Supplied information START

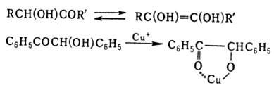 1,2-Гидроксикетоны (ацилоины) способны к кетоеноль-ной таутомерии и образованию хелатных соед.:
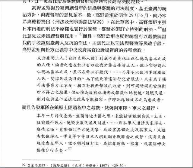 台灣高等法院院長 高野孟矩 跟日本中央投訴總督府和軍隊 在台灣的姦淫燒殺暴行!
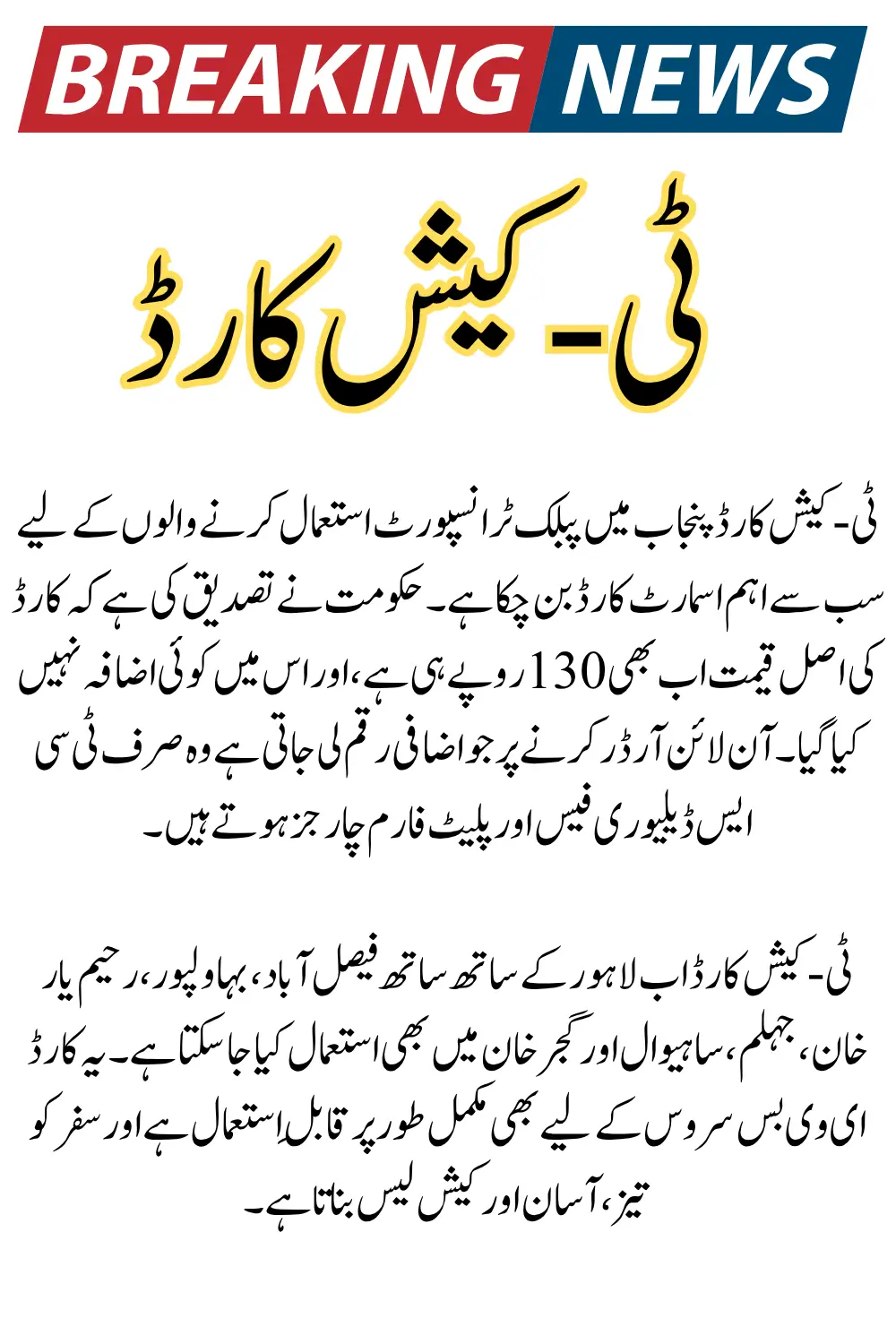 The T-Cash Card remains Rs. 130, and the additional charges only apply when ordering online for home delivery. As the system expands across Lahore, Faisalabad, Bahawalpur, Rahim Yar Khan, Sahiwal, Jhelum, Gujar Khan, and Bahawalnagar, the card is becoming essential for daily travel.

Supplied information END

• **Directions**: Restate the whole listing word for word. Omit the pictures.

• **Your solution**:
 1,2-Гидроксикетоны (ацилоины) способны к кетоеноль-ной таутомерии и образованию хелатных соед.:
 台灣高等法院院長 高野孟矩 跟日本中央投訴總督府和軍隊 在台灣的姦淫燒殺暴行!
 The T-Cash Card remains Rs. 130, and the additional charges only apply when ordering online for home delivery. As the system expands across Lahore, Faisalabad, Bahawalpur, Rahim Yar Khan, Sahiwal, Jhelum, Gujar Khan, and Bahawalnagar, the card is becoming essential for daily travel.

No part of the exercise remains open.